Actor-network and territorial mapping of the Danish agri-food landscape

Project Authors

  • Deane Alan Simpson, Professor at Institute of Architecture, Urbanism and Landscape.
  • Aleksander Nowak, Research Assistant at Institute of Architecture, Urbanism and Landscape. 

Description

The Danish pig industry is of particular interest due to its considerable spatial/territorial footprint, its outside contribution to Danish GHG emissions, and its negative impact on biodiversity. As a result, an enhanced understanding of this sector’s conditions, and its potential for transformation, is critical if

Denmark is to meet its planned climate and environmental goals for 2030 and 2050.

The research responds to an awareness that prevailing responses to complex climatic and biodiversity crises are hindered by a number of factors: the fragmentation of, and non-communication between, sectoral and disciplinary forms of knowledge; the dominance of abstract quantitative approaches to this endeavor, resulting in a limited palette of data visualization formats to communicate the crises; and the limited representation of actor networks, spatial and material registers to interpret existing conditions and evaluate implications of future decisions.

The project explores a connected ecosystem of different forms of data visualization that communicate the complex conditions, dynamics and controversies of spatial/territorial production, across sectoral and disciplinary knowledge, to a non-expert audience (from planners, bureaucrats, politicians and interested publics) in narrative form. 

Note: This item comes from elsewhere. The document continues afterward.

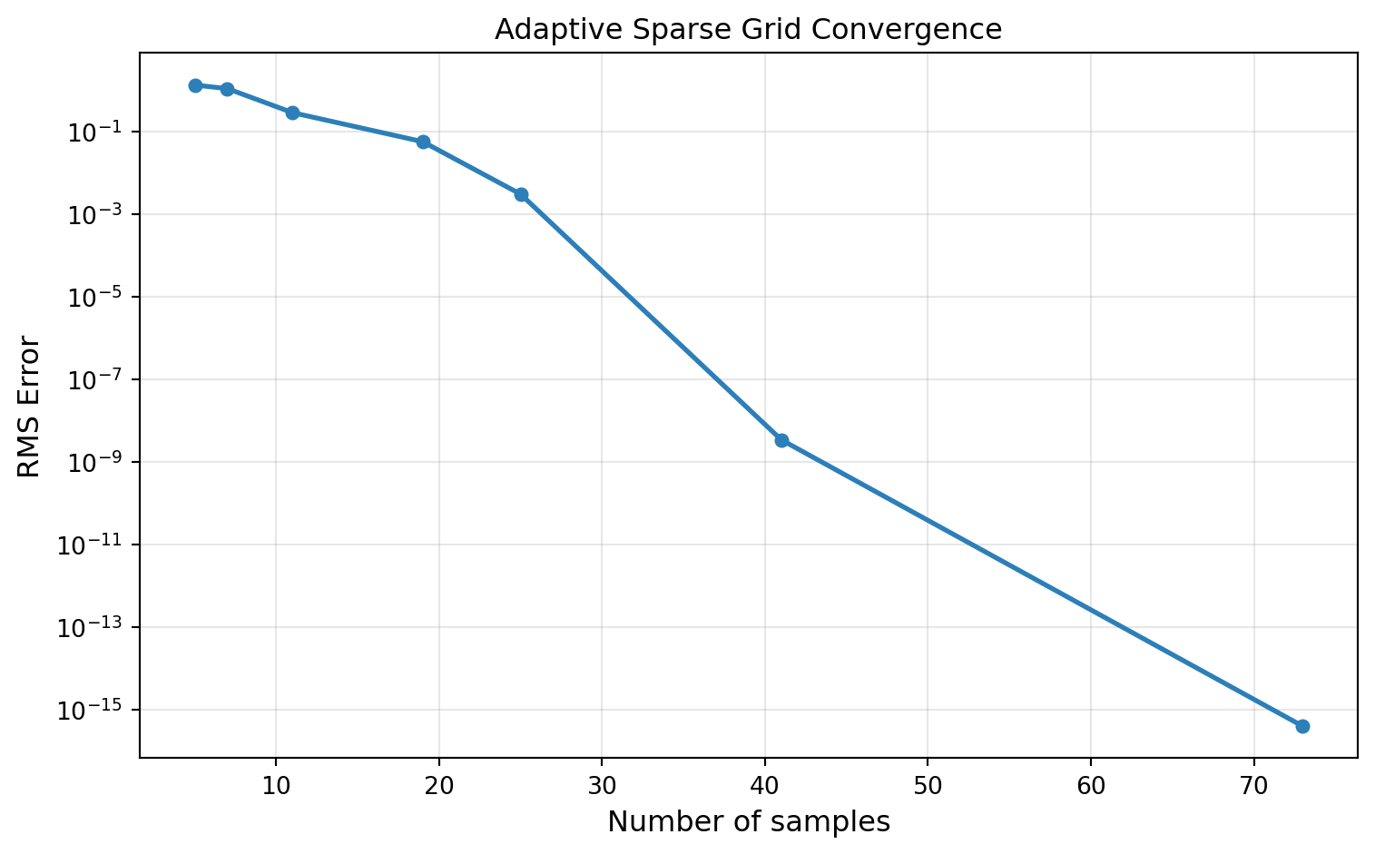 step_samples()/step_values()) allows fine-grained control; usefitter.current_error()to stop when the estimated error drops below a tolerance. - For UQ with sparse grids (moments, Sobol indices, marginal densities), see UQ with Sparse Grids.

This is investigated as a potential future platform of common understanding for developing future scenarios. The work is conducted through the bridging and linking between the logics and representational formats of actor-network diagram/controversy mapping and other mapping formats ranging from spatial/territorial maps, statistics, graphs, diagrams and infographics. In these terms, the works attempts to move beyond interpreting territories and spaces as static objects, but rather as an entangled networks of human and non-human actors.